Obese people dont live long enough, I dont need theories to prove my point. What I said came from a doctor who performs Bariatric surgeries and this doctor is the one who started Bariatric surgeries in India. He is a padamshree, felicitated god knows how many times for his achievements, go to his clinic and he has more thn a thousand awards displayed.

I dont see a point why you have to argue on everything and anything. Dont read between lines my friend, accept the truth, Obese people dont live long, and if they live long enough, they are almost always bed ridden. They have heart-stroke at an early age followed by their joints giving up and what not. I was morbidly obese and no one would understand it better thn me. I am down 60 kgs and have a BMI of 29 now.

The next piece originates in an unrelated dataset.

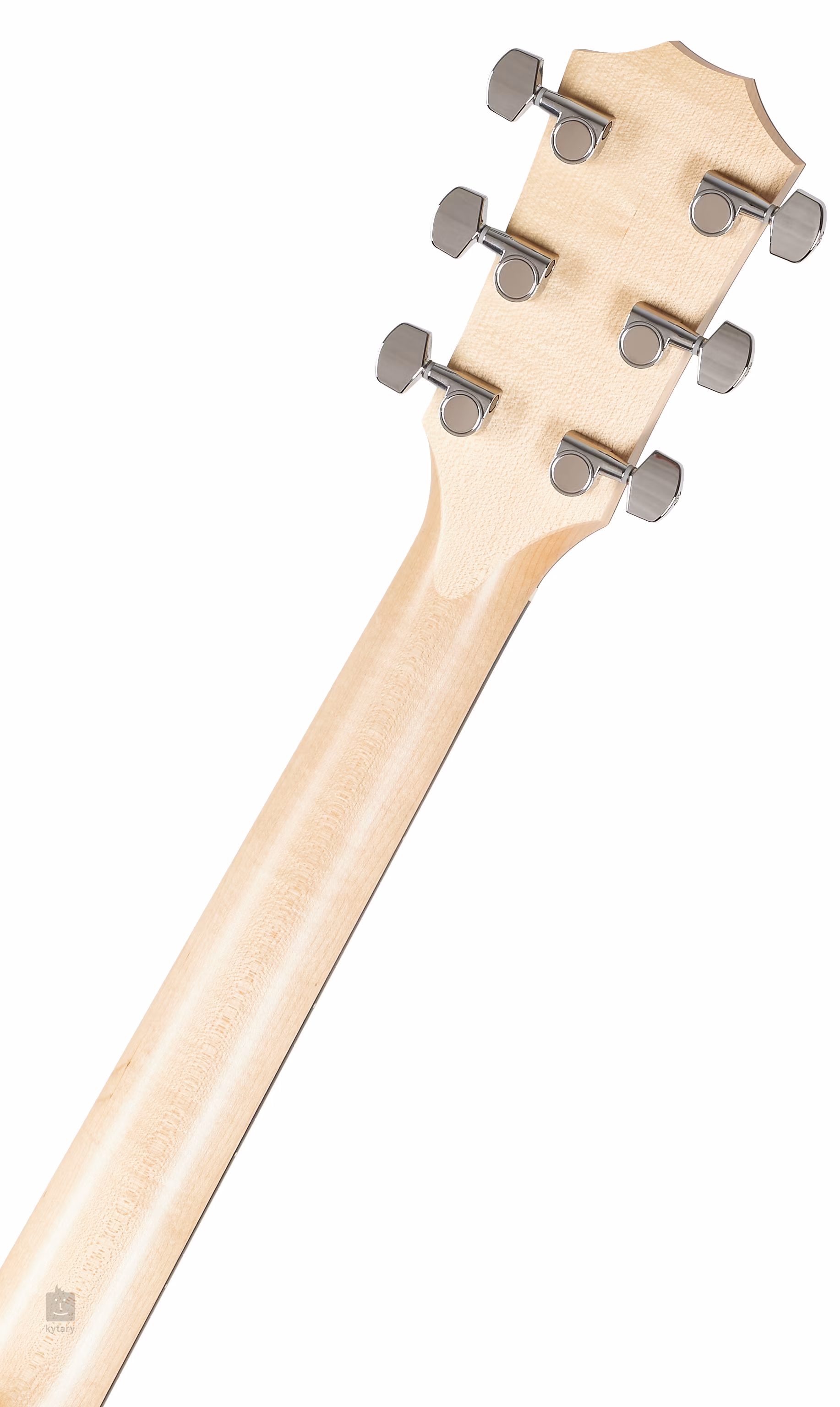Struny jsou přes sedlo z micarty a nultý pražec z materiálu TusQ uchyceny v chromovaných die-cast mechanikách značky Taylor. Vizuální dojem podtrhují tradiční prvky v podobě rozety složené ze tří prstenců, černé lemovky těla a praktického černého pickguardu.

Still obese but nothing that I can not control.

It is easier for people to say things when they have not faced it, but when one faces it, only then he can tell what it is like to be there. 

And mind it, obesity is not always because of genes and hormones, I got all tests done, everything possible to check if it was my hormones working against me, but no. Those who gain weight because of hyperactive hormones, their weight can be controlled by medicines. But in most cases your BMR is low and you need less food thn what your body burns. Its a simple negative calorie balance that makes one loose weight but when you have so much of it stored in your body, a burger can be lethal. 

I got Bariatric surgery done, in two years I lost all the extra weight, ok not all but more thn 70% of the excess weight and mind it, not by taking any hormone controlling tabs but by eating 1/4th of what I used to. You will hear a lot of obese people saying, Oh I eat so little, much less thn what my partner (or whoever) eats, what they dont understand is, every body is different.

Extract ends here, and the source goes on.